POTW: Wheeling in the Years: A Slice of Brooklyn Bicycle History

Michelle Montalbano

To close out National Bicycle Month, here's a little a celebration of bicycling in Brooklyn, from 1897 to the present. 

POST_0143, Music Island, Prospect Park, Brooklyn, N.Y., summer circa 1897,
Brooklyn Postcard Collection, Center for Brooklyn History

Even now, in the 21st century, I feel a powerful sense of freedom, exhilaration, and agency whenever I'm riding my bicycle around Brooklyn. It must have been truly extraordinary for women in the 19th century, who were newly admitted to the ranks of "wheel riders" in the 1890s. At the time, Brooklyn was home to a large number of some of the most avid cyclists in the world, and as a result, there was more cycling infrastructure and bike-friendly legislation than we've had even at later (darker) points in Brooklyn history. When "wheelmen" and "wheelwomen" took to the streets for fresh air, recreation, commuting, and exercise, revolution was in the air.

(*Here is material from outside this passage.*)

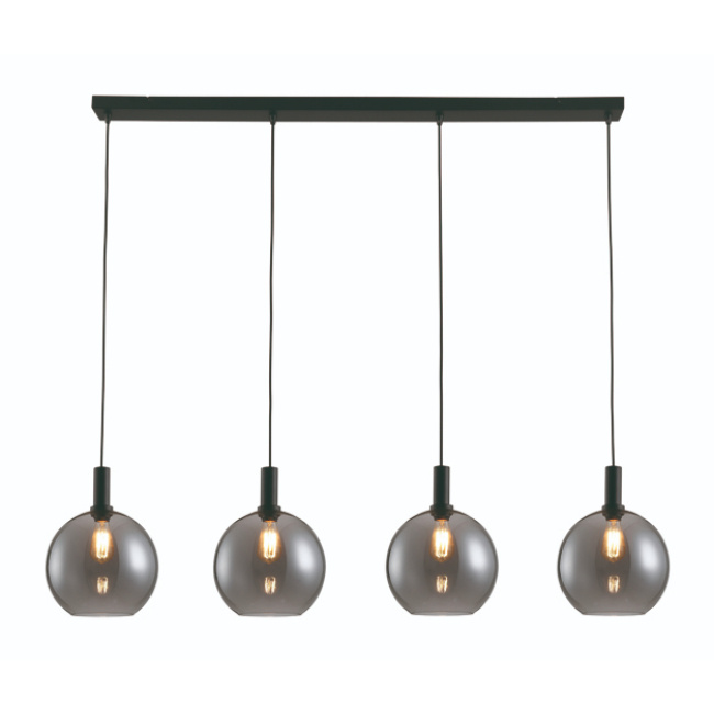 De moderne Chandra 4-lichts hanglamp is een stijlvolle toevoeging aan elk eigentijds interieur. De lamp bestaat uit vier prachtige ronde bollen van smoke glas, die een luxe en warme sfeer creëren zodra het licht wordt ingeschakeld. Het zwarte armatuur geeft het geheel een strakke en moderne uitstraling, waardoor de lamp perfect past binnen diverse woonstijlen.
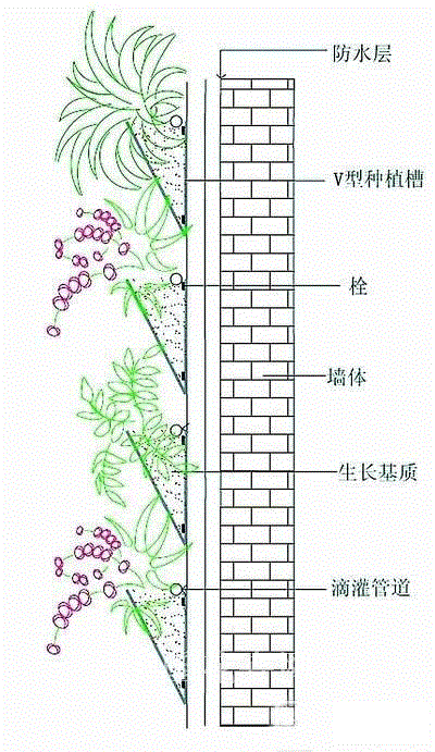 6.板槽式。板槽式即在墙面上按一定的距离安装V型板槽,在板槽内填装轻质的种植基质,再在基质上种植各种植物。这类绿化形式的特点是:施工简便灵活、造价低、适宜种植的植物种类多,兼备摆花式、攀爬及垂吊式墙面绿化的优点。适用的植物种类较多,可组合栽植灌木、花草或蔓生性强的攀爬或垂吊的植物;既可浇灌也可微灌。

In Evan Friss's The Cycling City: Bicycles & Urban America in the 1890s, the author recounts in detail the debates around permitting women to cycle at that time: eroding moral values, respectability and femininity, un-ladylike behavior, and even the possibility of too much "stimulation," made the list. On the other side of the argument, some physicians pointed out that riding a bicycle was a great way to calm women's "hysteria." While riding, "...her mind [was] taken off those things which have a tendency to perplex and madden." The result was "an uncommonly happy, bright, and exhilarated set of faces which we see spinning down our streets."

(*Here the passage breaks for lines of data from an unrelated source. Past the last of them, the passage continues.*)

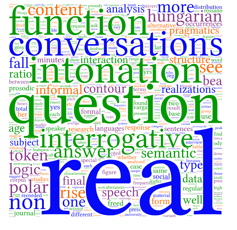 Markó, Alexandra. 2007. Kérdő funkciójú hanglejtésformák a spontán beszédben. [Intonation contours with interrogative function in spontaneous speech]. Beszédkutatás 2007: 59–74.
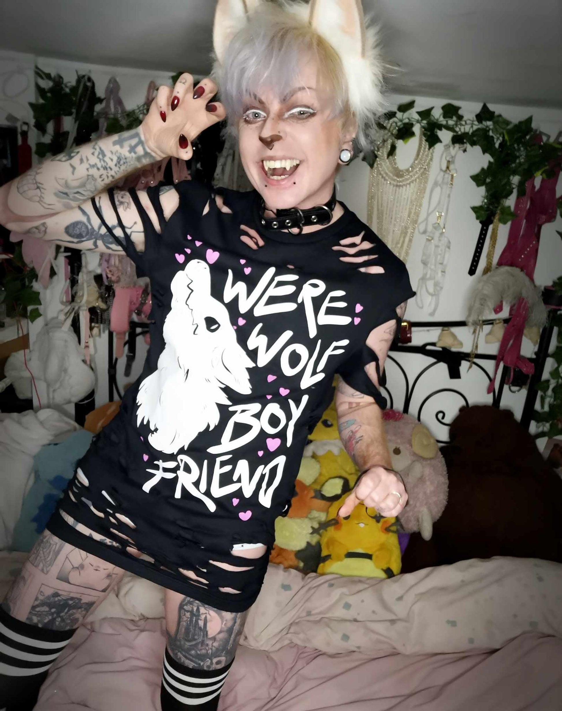 Werewolf Boyfriend T-shirt with a tamed werewolf surrounded by chains, hearts and graphic text.
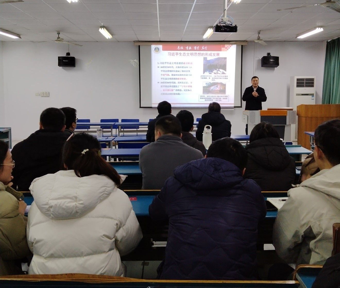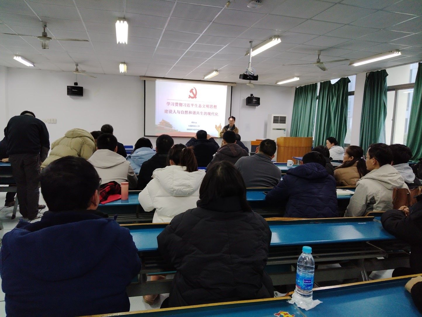12月14日下午,环境专业教工党支部与生态学专业教工党支部在学院实验楼201教室联合召开支部大会,邀请学院院长胡好远作题为《学习贯彻习近平生态文明思想,建设人与自然和谐共生的现代化》的专题党课。支部全体党员参加了会议,会议由环境专业教工支部书记陶海升主持。
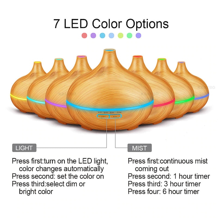 Umidificator si difuzor aromaterapie cu ultrasunete, cu telecomanda, lemn natur,7 culori programabil, oprire automata
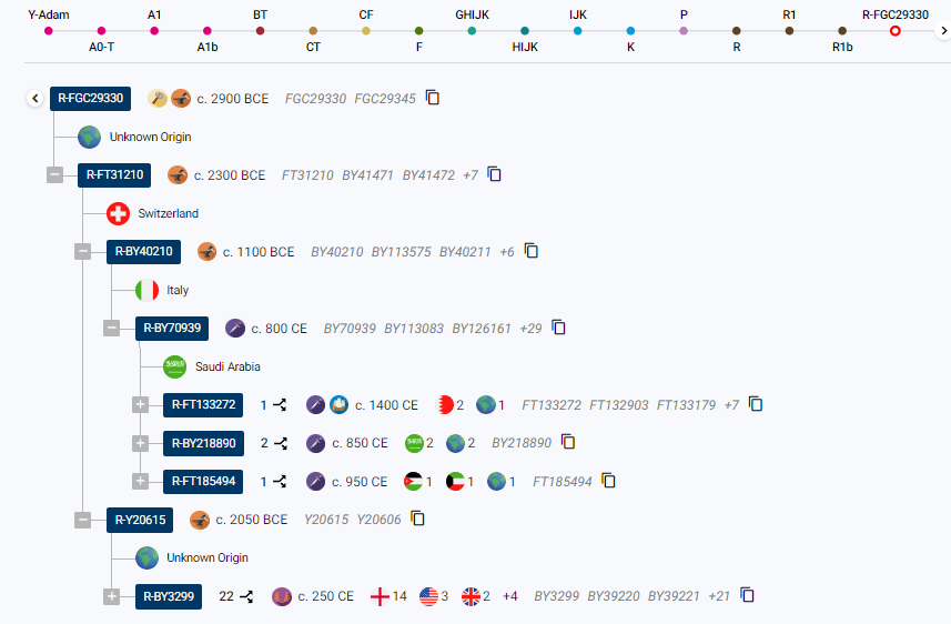 Adam > A0-T > A1 > A1b > BT > CT > CF > F > GHIJK > HIJK > IJK > K > K2 > K2b > P > P-V1651 > P-M1254 > P-P337 > P-P284 > P-P226 > R > Y482 > R1 > R1b > L754 > L389 > P297 > M269 > L23 > Z2103 > M12149 > Y467276 > Z2106 > Z2108 > Z2110 > CTS7556 > FGC29296 > FGC29330
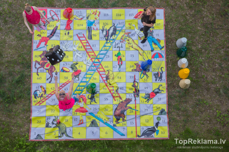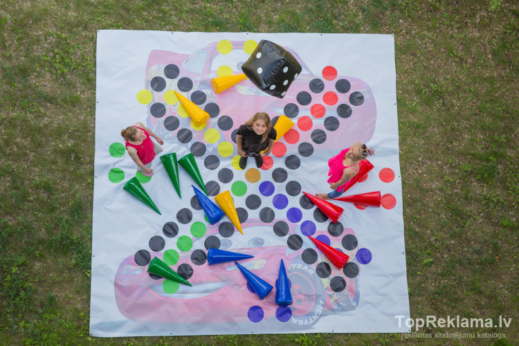Kurš gan neatceras bērnības spēli "Cirks" vai "Riču raču" , "Dambreti" , mūsdienu "Twister" noteikti zina jau visi ? Tās var spēlēt stundām ilgi. Jā, tagad tās pieejamas arī lielformāta izmērā, lai interesanti spēlēt gan lieliem, gan arī maziem. Spēle sastāv no spēles paklāja un kauliņiem. Spēles izmērs 4x4m, kauliņu izmērs 50 cm. Spēlē izgatavota no izturīga PVC materiāla, kurš kalpos ilgi un ir viegli kopjama, mīksti spēles kauliņi, netraumēs spēlētājus.

The classic (and illustrated!) Bicycling for Ladies by Maria E. Ward, first published in 1896 and reissued just this year, begins with an irrefutable opening argument: "Bicycling is a modern sport, offering infinite variety and opportunity. As an exercise, at present unparalleled, it accomplishes much with comparatively little expenditure of effort; as a relaxation, it has many desirable features; and its limitless possibilities, its future of usefulness, and the effect of its application to modern economic and social conditions, present a wide field for speculation." 

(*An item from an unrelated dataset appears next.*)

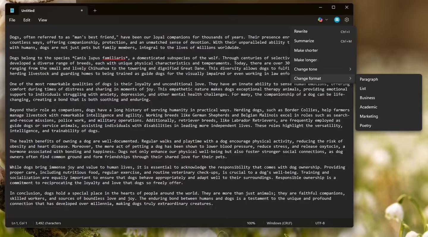 此外,记事本中的“重写”功能现在更名为“Copilot”。微软正在将Windows 11中所有与AI相关的功能逐步整合到Copilot品牌下。此次更新后,记事本工具栏中新增了一个“Copilot”按钮,用户可以通过它打开原有的“重写”功能,该功能由ChatGPT提供支持。除了改变文本语气外,用户现在还可以选择全部文本并生成摘要。此前,该功能仅支持重写现有文本,而如今用户可以对内容进行总结。
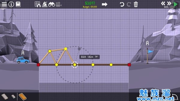 4、除此之外也会有其他要素会前来考验玩家,让这款游戏变得相当具挑战性,也进而吸引了不少奇才前来尝试,打造出相当荒谬或有趣的桥。

The power of bicycles to open up new worlds remains just as strong today, and if pressed, I will wax as rhapsodic about riding a bike as a Victorian woman in pantaloons.

Advertisement, Columbia "Boycycle", 1922, Brooklyn Daily Eagle
Esther Farrell, Atlantic City Boardwalk, 1935, Brooklyn Daily Eagle Photo Collection
RCPO_0075, Two boys with bikes, 24th Street, 1976, Larry Racioppo Photograph Collection

 

SHBZ_0086, Best Friends, 2008, Jamel Shabazz Photograph Collection

The selections of choice bicycle-related images included in this post are from the Brooklyn Daily Eagle and our digital collections portal. Interested in seeing more photos from CBH’s collections? Visit our online image gallery, which includes a selection of our images, or the digital collections portal at Brooklyn Public Library. We look forward to inviting you to CBH in the future to research in our entire collection of images, archives, maps, and special collections. In the meantime, please visit our resources page to search our collections. Questions? Our reference staff is available to help with your research! You can reach us at cbhreference@bklynlibrary.org.

 

 

This blog post reflects the opinions of the author and does not necessarily represent the views of Brooklyn Public Library.

 

Judy Salgado

I wonder if you know of the KINGS COUNTY WHEELMEN we’re, who were their founding members, where their clubhouses were and if they really had weekend haunts to Montaigne Point L.I?
Mon, May 9 2022 9:10 pm Permalink
Judy Salgado

Can you tell us something about the old KINGS COUNTY WHEELMEN in the 1890's to the 1920's when the group was really popular, who started the group, who belonged, did they really take rides to Montauk, are there early minutes or stories about their outings? What about pictures? Where can I look? I have a relative who was one and want to know all about it.
Sun, Nov 6 2022 12:31 am Permalink
Barry Marcus

Anybody remember Chick's Bike Shop on Bedford Avenue? In the mid-1960's it was the go to spot for ten speeds (mine was an Armstrong) on which the neighborhood teens rode all around the City, often riding down Flatbush Avenue, over the Brooklyn Bridge and up to Central Park. I bought mine with money I earned working at the library after school at Brooklyn Tech, reading shelves and working at the stack desk and as a stack runner.